Return all of the data that follows precisely, leaving every image out.

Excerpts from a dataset
-=-=-
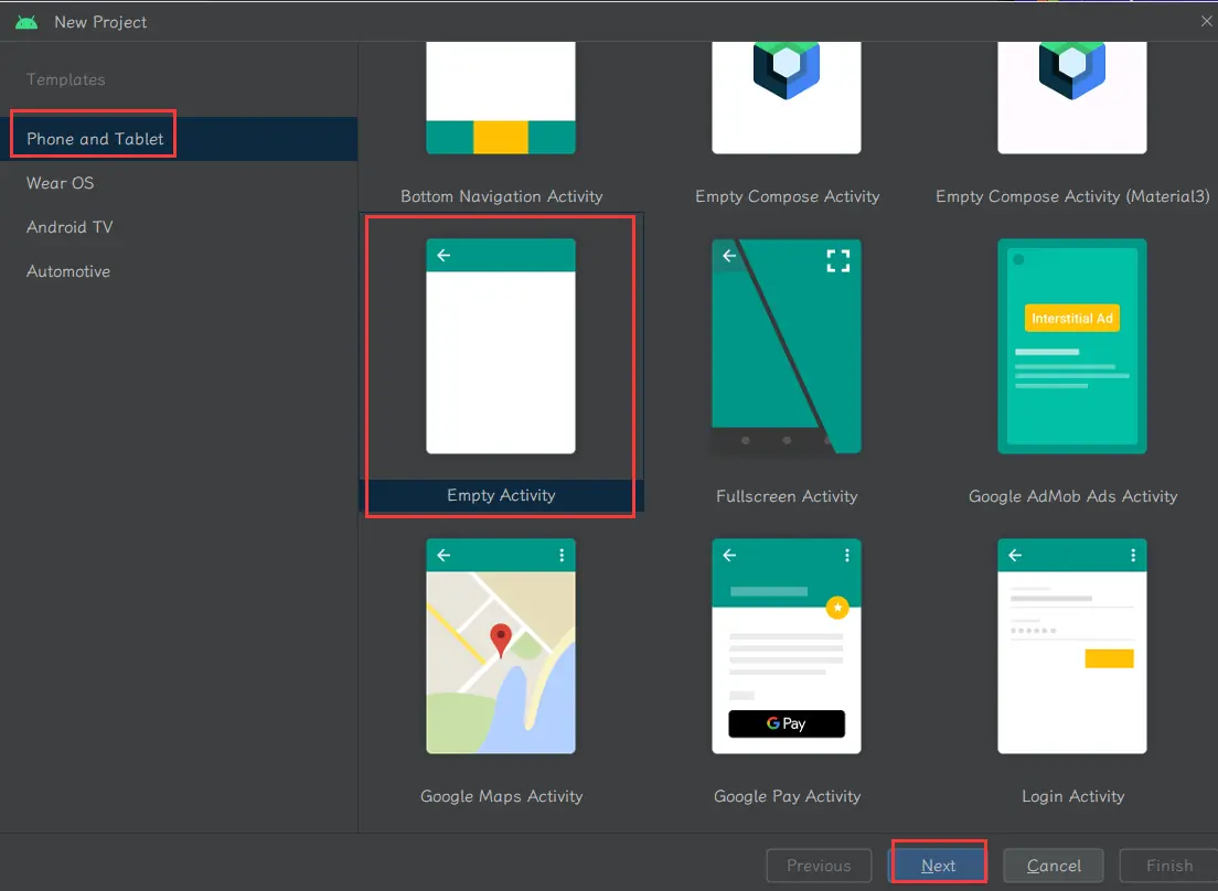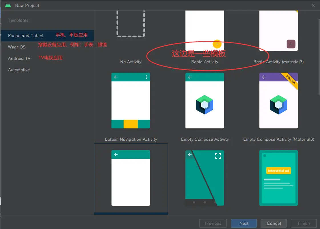 • 点击 【New Project】 新建一个项目,选择【Empty Activity】空模板
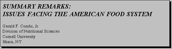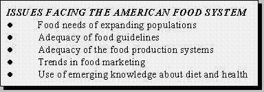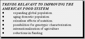 The American food system is the most complex and sophisticated in the world, providing the world's safest and most diverse food supply and comprising nearly a quarter of the US economy. Nevertheless, diet-related chronic diseases persist, imposing enormous societal costs which can be expected to increase as the age structure of the society continues to shift. Given the magnitude of these drains on the economy, it is appropriate, indeed good business sense, to consider costs of food system-based research, training and extension as investments in the society that will yield returns not only in the form of improvements in the quality of American life, but also in reduced health care costs and increased competitiveness of American products in the international marketplace.
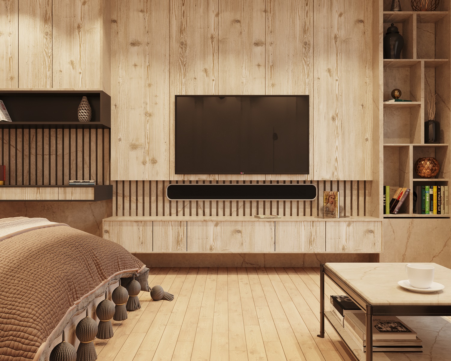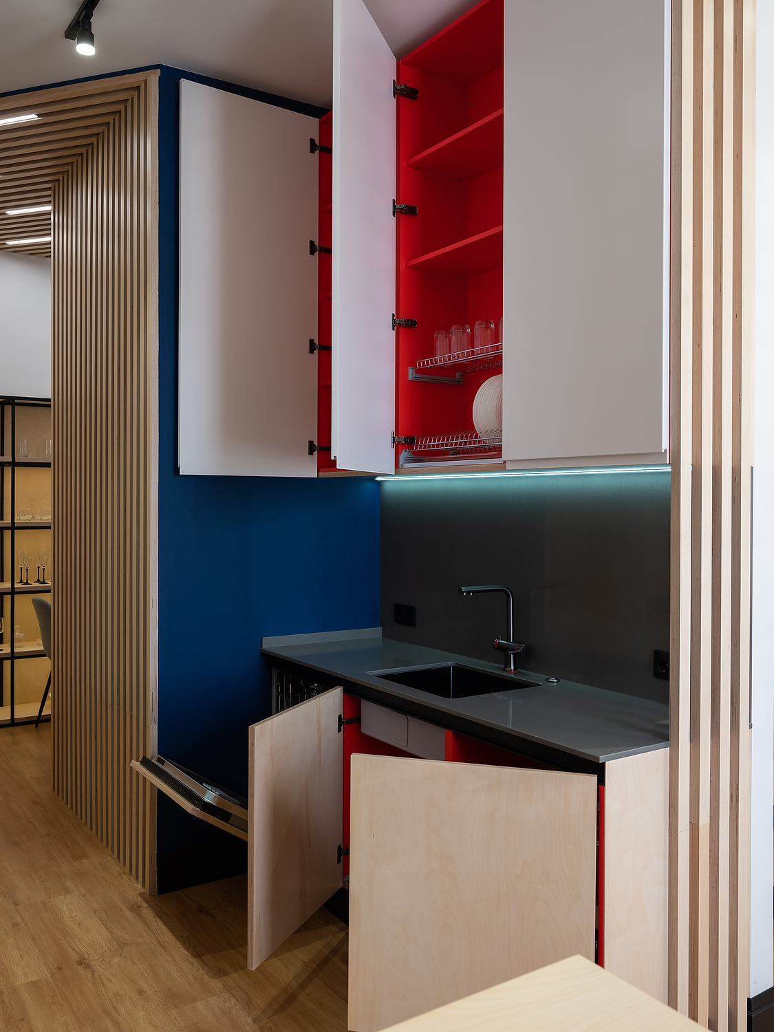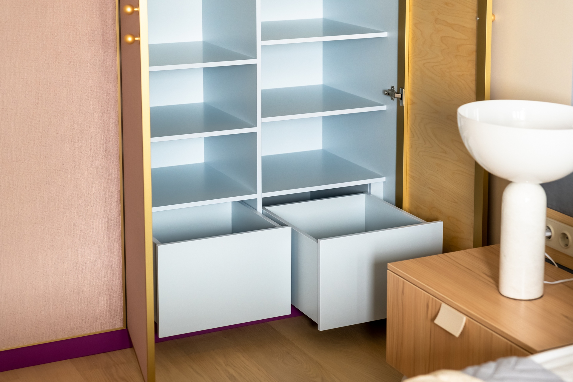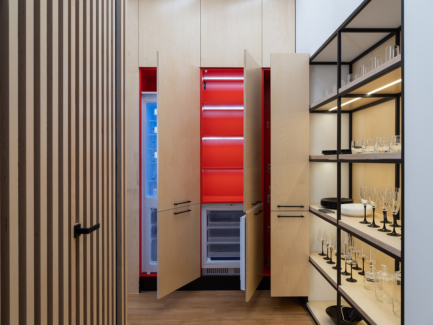 ЛДСП Lamarty широко используется в корпусной и встроенной мебели — от кухонь и шкафов до гостиных, офисных и торговых решений.
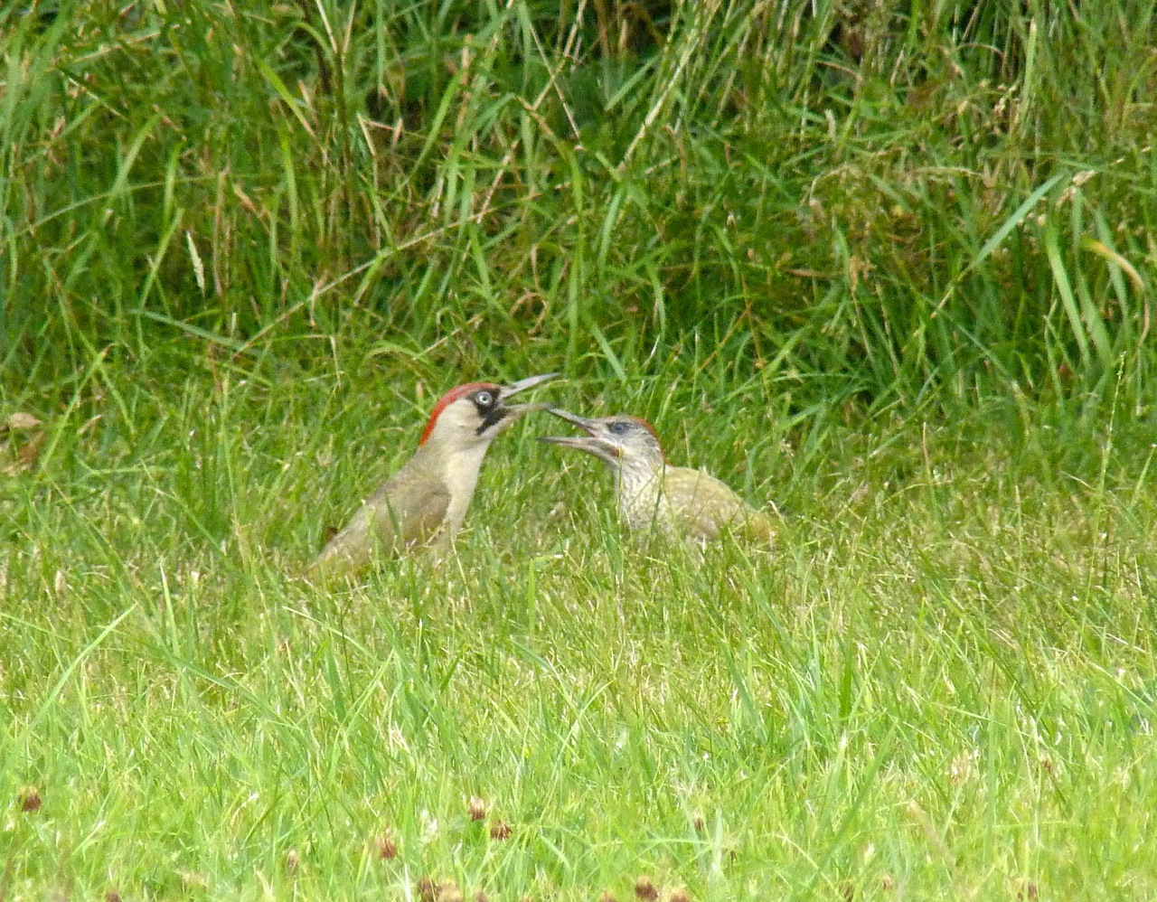 This morning my attention was caught by some inept avian fluttering in our field. Two birds, medium size. A flash of red on the head, and a large beak: green woodpeckers. The lack of vivid green ruled out adult males – this was a mother / fledgling education lesson in flying and self-sufficiency. By the time I had grabbed a camera from the house, they had moved further away. I had to creep up to the field fence so as not to scare them, and fire off some distance shots from a slightly awkward position (avoiding barbed wire was one issue). These are quite poor images, as photographs go. But the story is a good and rather sweet one…
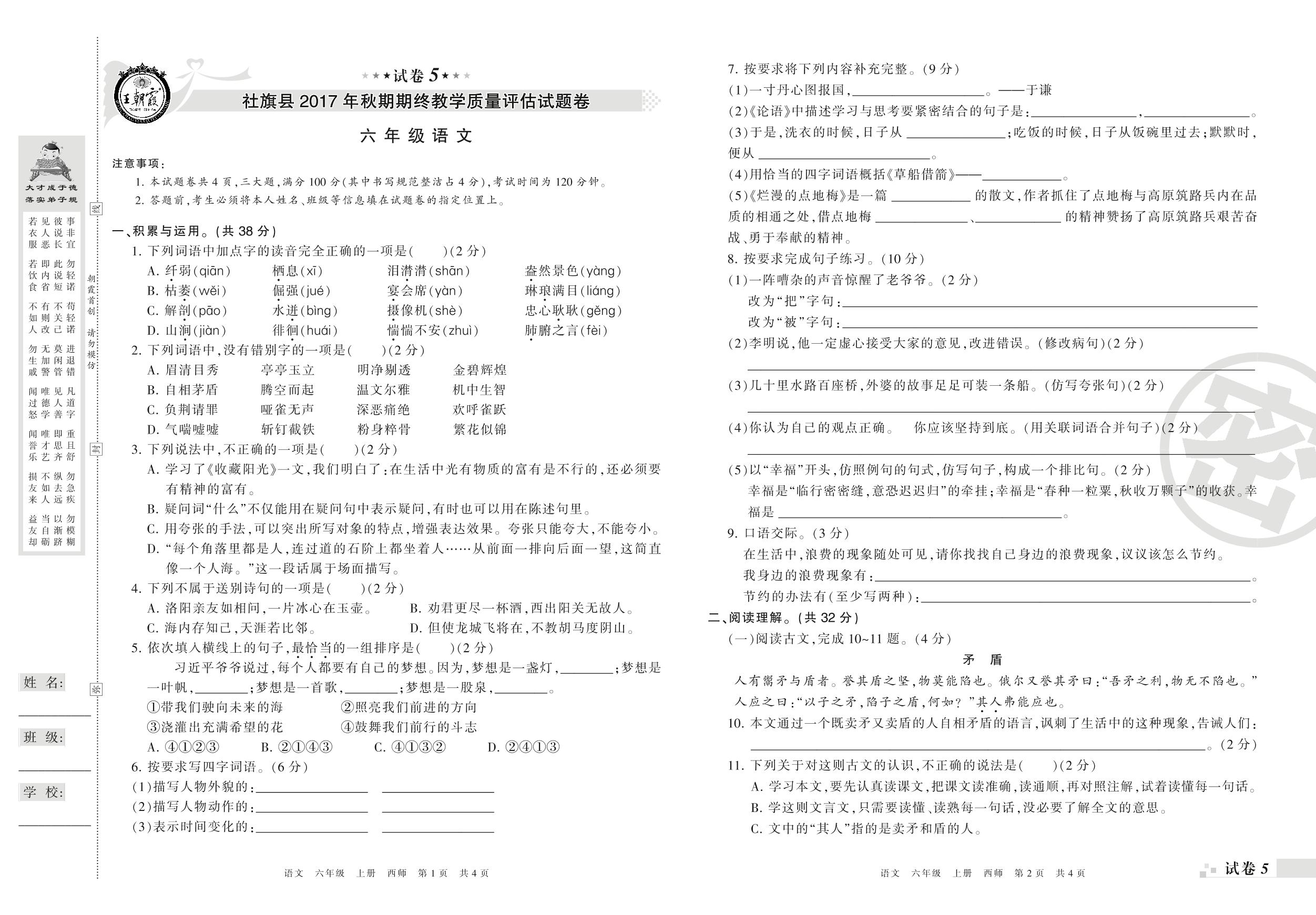 2017-2018学年第一学期南阳市社旗县六年级语文试卷(西师版)【5】
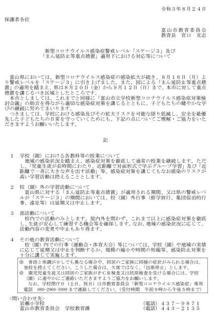 富山市教育委員会より、『新型コロナウイルス感染症警戒レベル「ステージ3」及び「まん延防止等重点措置」適用下における対応等について』の通知がありました。また、『富山市立学校新型コロナウイルス感染症対策検討会議だより VOL.12』が届きました。配付文書にも掲載しましたので、ご覧ください。なお、紙媒体での配付は始業式の日に行います。
-=-=-
ANSWER SECTION:
 • 点击 【New Project】 新建一个项目,选择【Empty Activity】空模板
 The American food system is the most complex and sophisticated in the world, providing the world's safest and most diverse food supply and comprising nearly a quarter of the US economy. Nevertheless, diet-related chronic diseases persist, imposing enormous societal costs which can be expected to increase as the age structure of the society continues to shift. Given the magnitude of these drains on the economy, it is appropriate, indeed good business sense, to consider costs of food system-based research, training and extension as investments in the society that will yield returns not only in the form of improvements in the quality of American life, but also in reduced health care costs and increased competitiveness of American products in the international marketplace.
 ЛДСП Lamarty широко используется в корпусной и встроенной мебели — от кухонь и шкафов до гостиных, офисных и торговых решений.
 This morning my attention was caught by some inept avian fluttering in our field. Two birds, medium size. A flash of red on the head, and a large beak: green woodpeckers. The lack of vivid green ruled out adult males – this was a mother / fledgling education lesson in flying and self-sufficiency. By the time I had grabbed a camera from the house, they had moved further away. I had to creep up to the field fence so as not to scare them, and fire off some distance shots from a slightly awkward position (avoiding barbed wire was one issue). These are quite poor images, as photographs go. But the story is a good and rather sweet one…
 2017-2018学年第一学期南阳市社旗县六年级语文试卷(西师版)【5】
 富山市教育委員会より、『新型コロナウイルス感染症警戒レベル「ステージ3」及び「まん延防止等重点措置」適用下における対応等について』の通知がありました。また、『富山市立学校新型コロナウイルス感染症対策検討会議だより VOL.12』が届きました。配付文書にも掲載しましたので、ご覧ください。なお、紙媒体での配付は始業式の日に行います。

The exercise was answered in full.